-- Opening Marker --

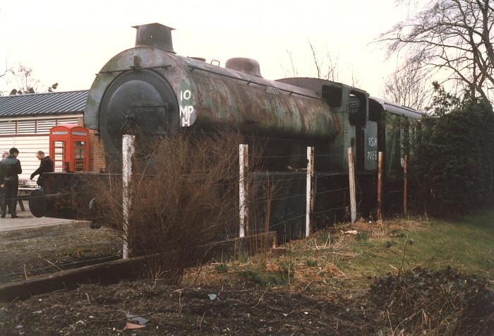 A resident at Tenterden Town for a number of years was this sorry looking ''Austerity'' 0-6-0 Saddle Tank,
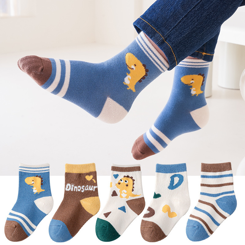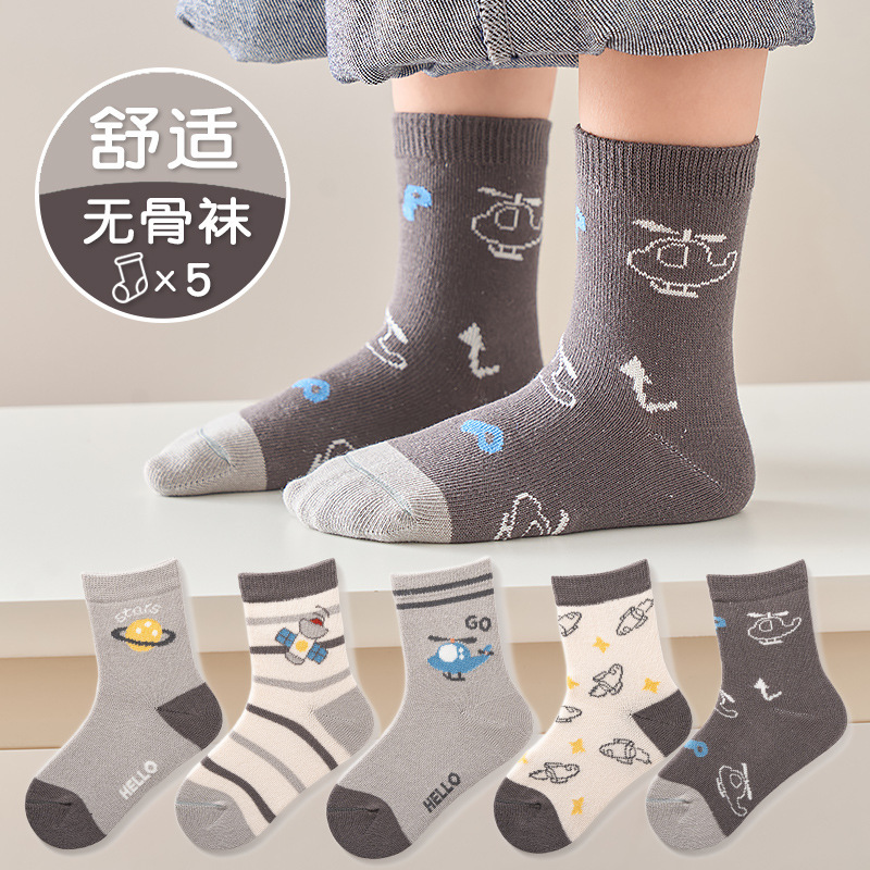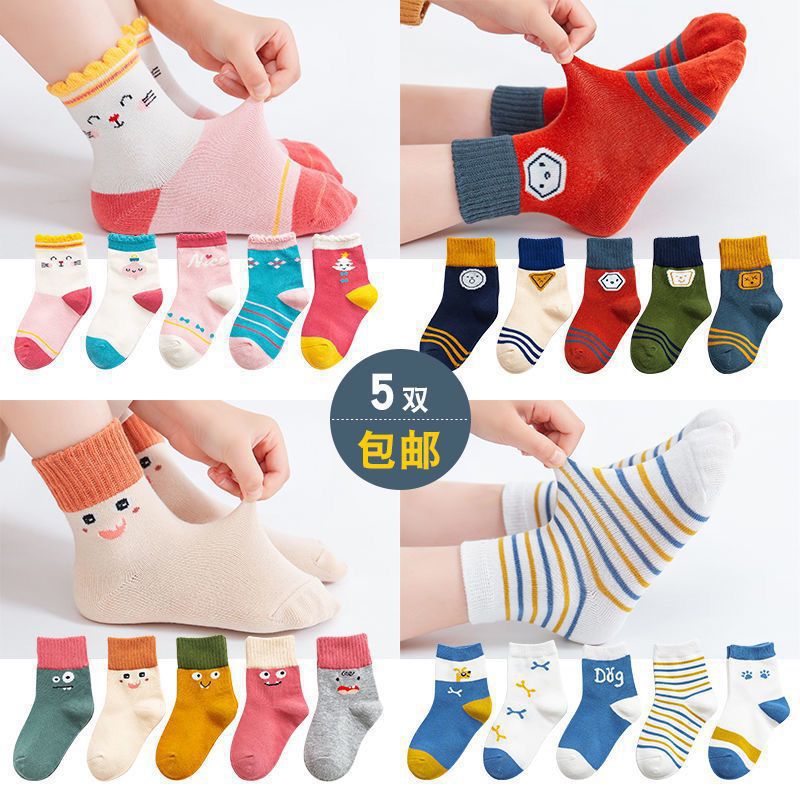 D002儿童袜子秋冬涤棉中筒袜宝宝袜子男童女童地板袜吸汗卡通批发
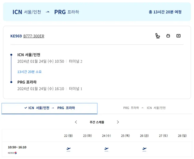 프라하행은 동계 시즌에도 주 3회 운항하고 있습니다
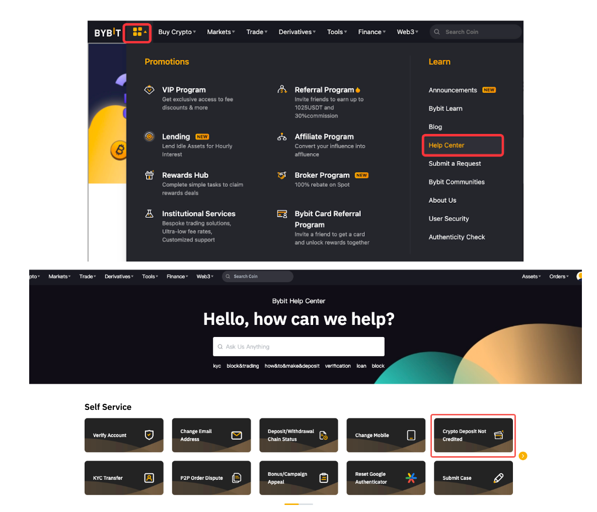 Paso 1: Pase el ratón por la esquina superior izquierda para buscar Centro de ayuda → Seleccione Criptodepósito no abonado, y será redirigido a la página de autoservicio.
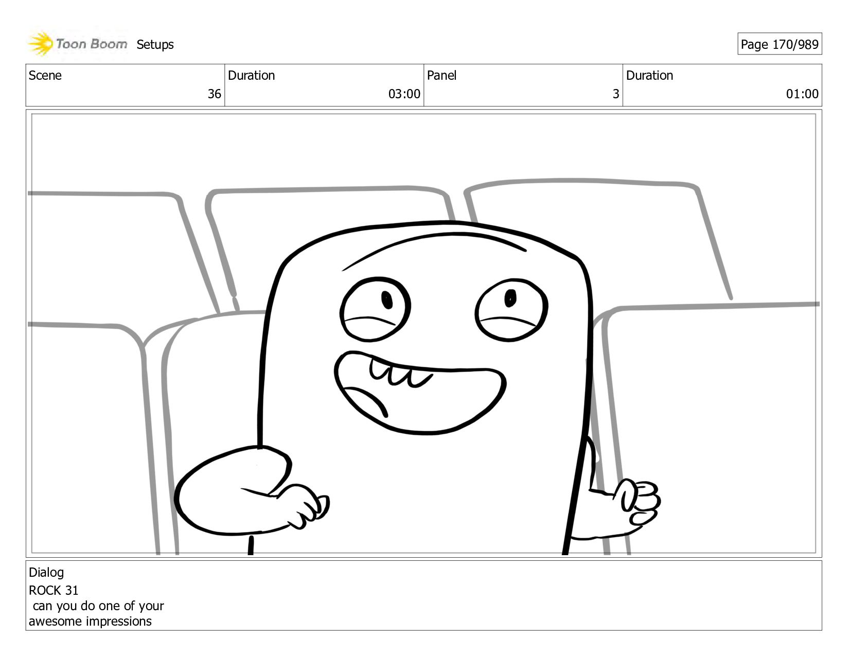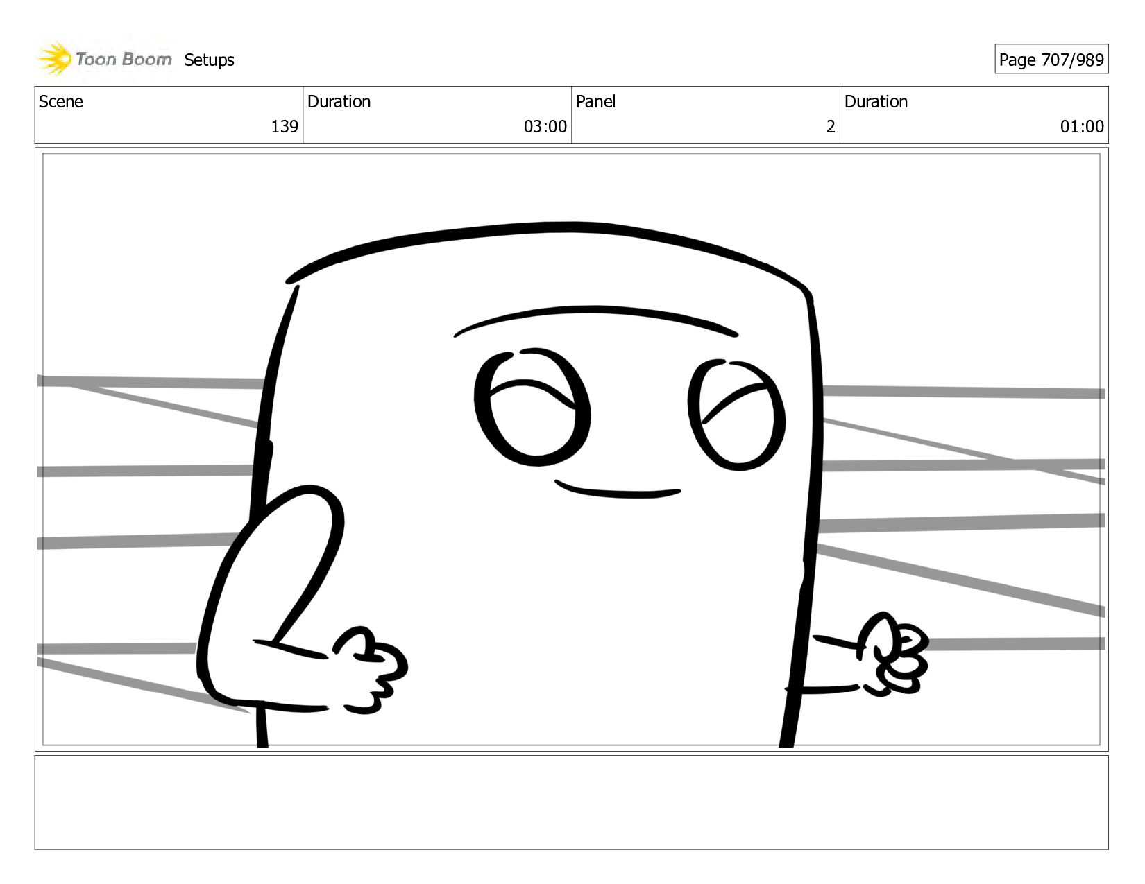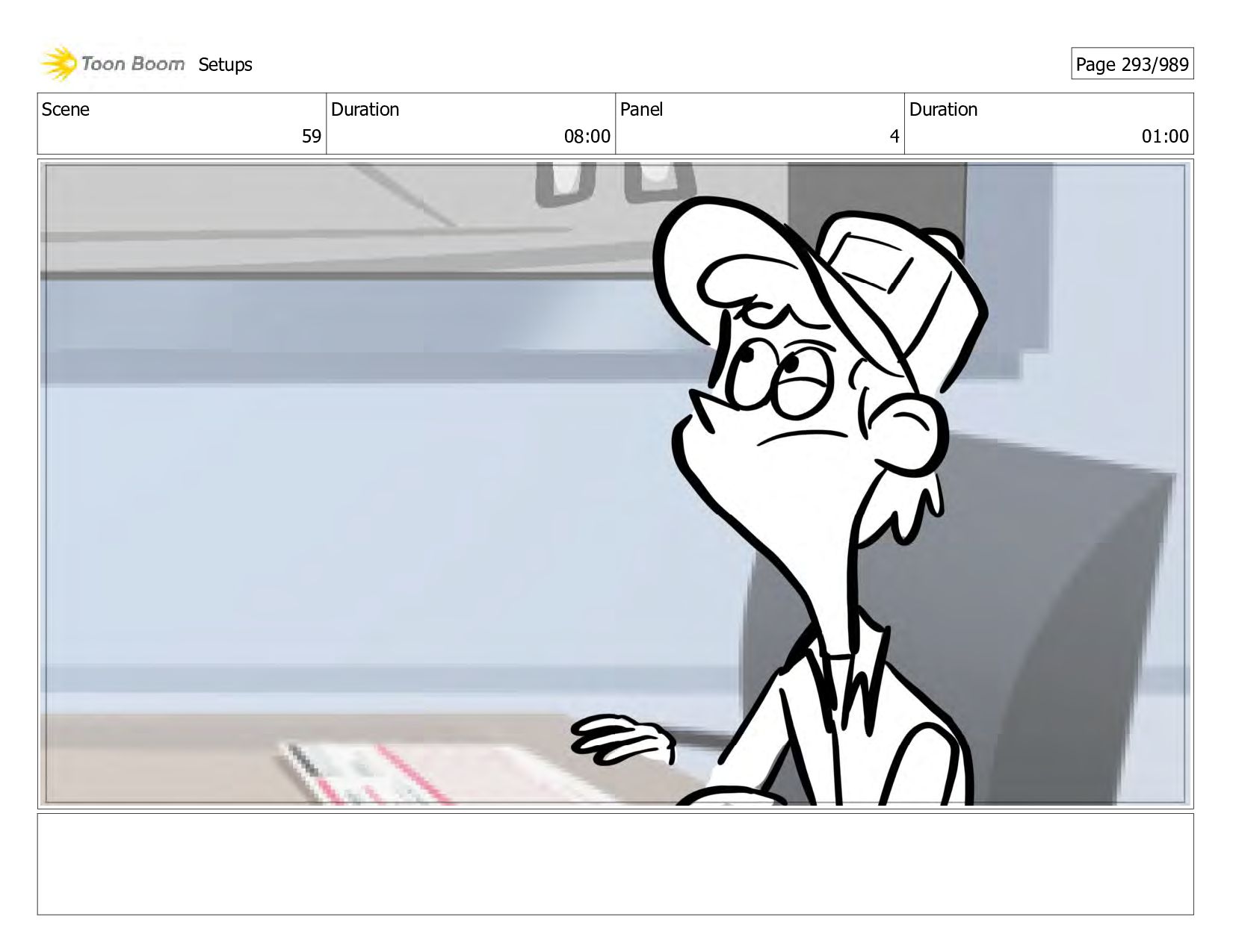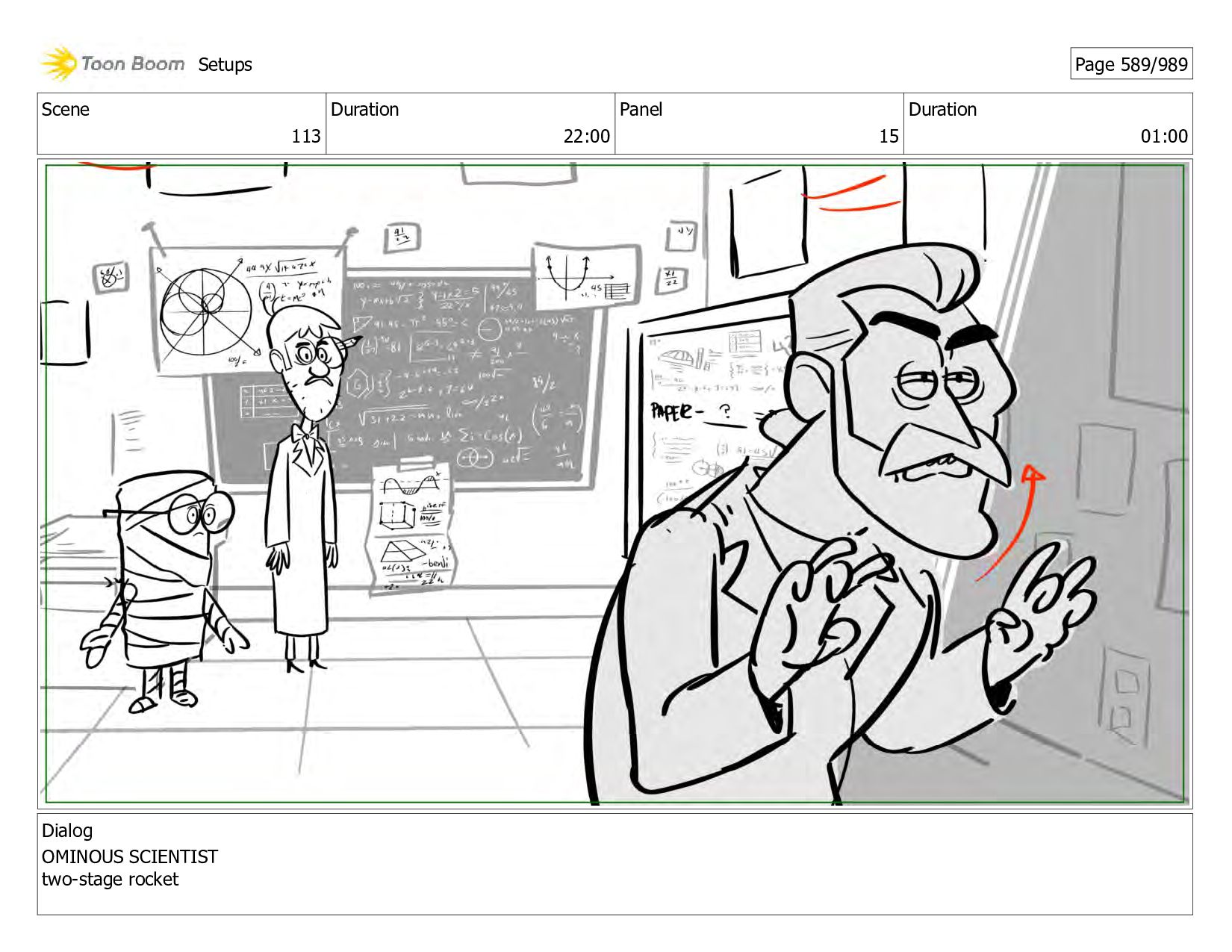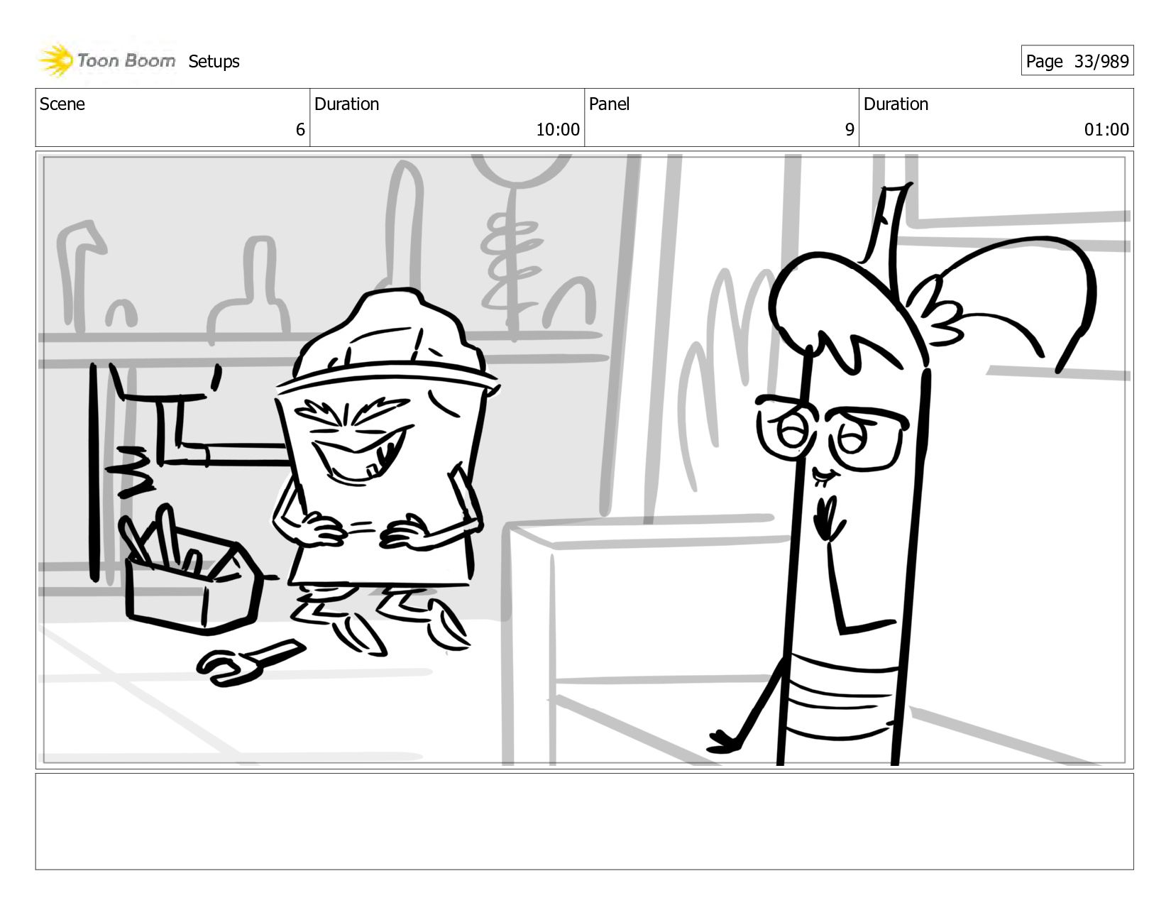 Scene 189 Duration 03:00 Panel 1 Duration 01:00 Setups Page
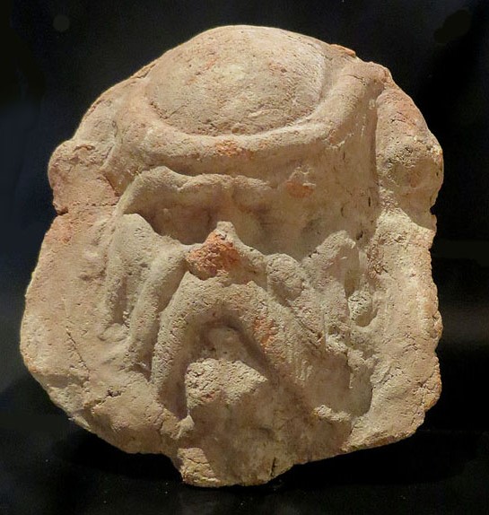 (Ampliar) - Antefixa de terra cuita en forma de cap de sàtir d'edificis de culte de la Neàpolis d'Empúries. Segles II-I aC. Trobat durant les excavacions realitzades per la Junta de Museus i posteriorment per l'Institut d'Estudis Catalans.
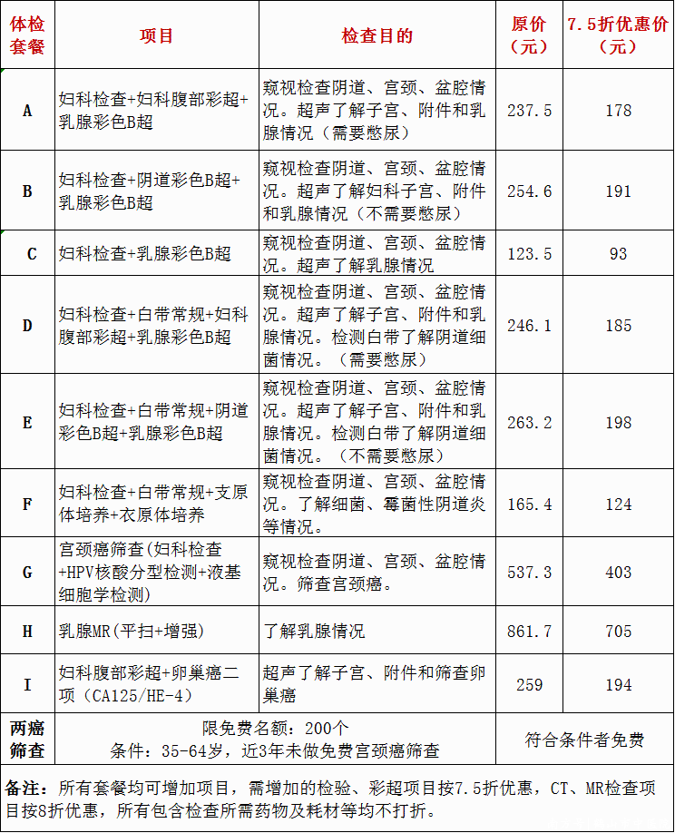 二、妇科专项体检套餐
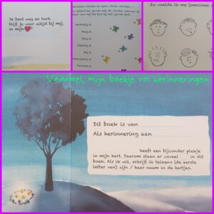 Ook lees ik het boekje ‘vaarwel, mijn boekje vol herinneringen’. Dit is een invulboekje dat jouw kind helpt om de herinneringen te verzamelen van de overleden geliefde, zodat ze hem niet vergeten. Wat ik erg mooi aan dit boekje vindt is dat het niet zomaar een invulboekje is, maar het kindje echt laat nadenken en schrijven over zijn of haar gevoel zoals te zien is op de onderstaande foto
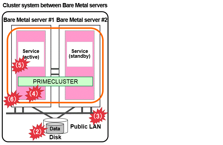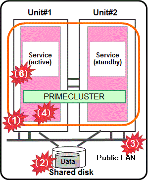 Combining with the volume management function (GDS), the system detects an error of a disk access (monitored by the Gds resource), and the service is switched to the standby system when the disk cannot be accessed.
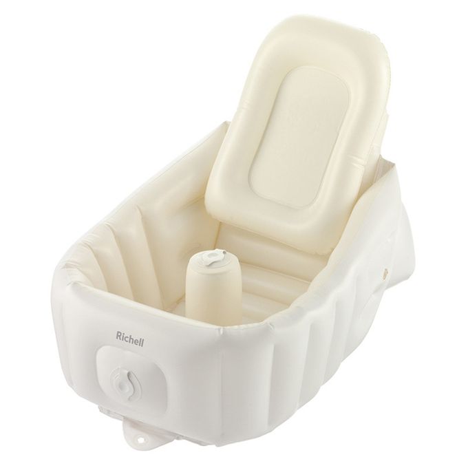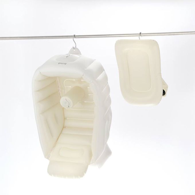 作為嬰兒沐浴椅:裝上靠墊即可作為嬰兒沐浴椅使用(7~12 個月左右)。內建氣泵,無需另備打氣筒即可輕鬆充氣。
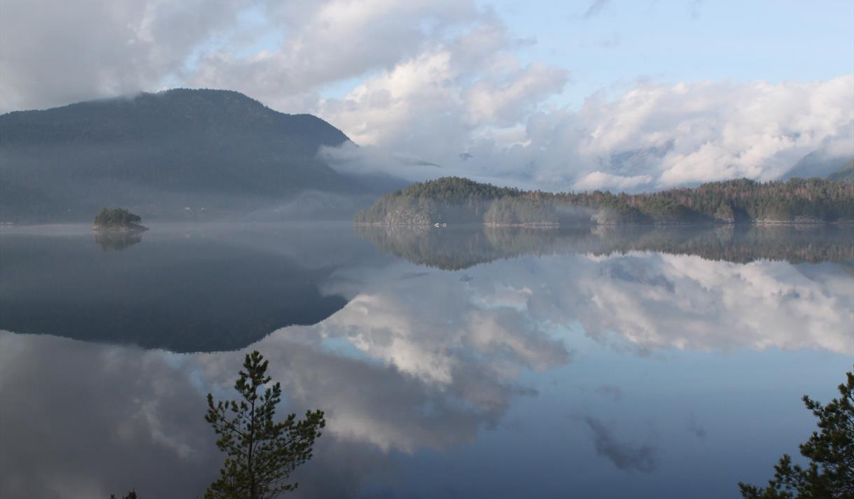 Frå utsiktsposten på Nylende, som nå er tilrettelagt som stoppestad langs vegen, ser du…
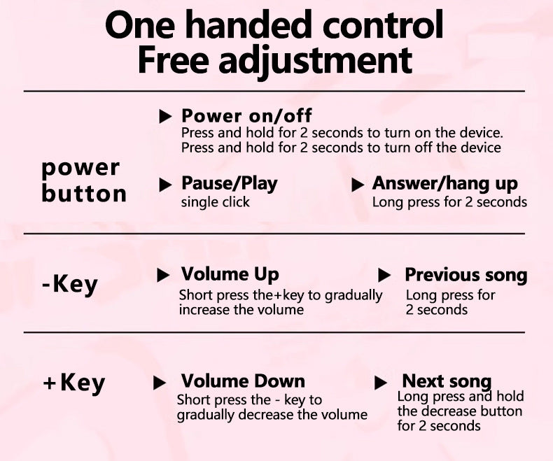 - Easy One-Handed Controls: Intuitive buttons for power, play/pause, answer/hang up, volume up/down, and previous/next song.

-- Closing Marker --

● **Your objective**: Each record above has to be written out again in full, but its pictures must not be.

● **Answer to the exercise**:
 A resident at Tenterden Town for a number of years was this sorry looking ''Austerity'' 0-6-0 Saddle Tank,
 D002儿童袜子秋冬涤棉中筒袜宝宝袜子男童女童地板袜吸汗卡通批发
 프라하행은 동계 시즌에도 주 3회 운항하고 있습니다
 Paso 1: Pase el ratón por la esquina superior izquierda para buscar Centro de ayuda → Seleccione Criptodepósito no abonado, y será redirigido a la página de autoservicio.
 Scene 189 Duration 03:00 Panel 1 Duration 01:00 Setups Page
 (Ampliar) - Antefixa de terra cuita en forma de cap de sàtir d'edificis de culte de la Neàpolis d'Empúries. Segles II-I aC. Trobat durant les excavacions realitzades per la Junta de Museus i posteriorment per l'Institut d'Estudis Catalans.
 二、妇科专项体检套餐
 Ook lees ik het boekje ‘vaarwel, mijn boekje vol herinneringen’. Dit is een invulboekje dat jouw kind helpt om de herinneringen te verzamelen van de overleden geliefde, zodat ze hem niet vergeten. Wat ik erg mooi aan dit boekje vindt is dat het niet zomaar een invulboekje is, maar het kindje echt laat nadenken en schrijven over zijn of haar gevoel zoals te zien is op de onderstaande foto
 Combining with the volume management function (GDS), the system detects an error of a disk access (monitored by the Gds resource), and the service is switched to the standby system when the disk cannot be accessed.
 作為嬰兒沐浴椅:裝上靠墊即可作為嬰兒沐浴椅使用(7~12 個月左右)。內建氣泵,無需另備打氣筒即可輕鬆充氣。
 Frå utsiktsposten på Nylende, som nå er tilrettelagt som stoppestad langs vegen, ser du…
 - Easy One-Handed Controls: Intuitive buttons for power, play/pause, answer/hang up, volume up/down, and previous/next song.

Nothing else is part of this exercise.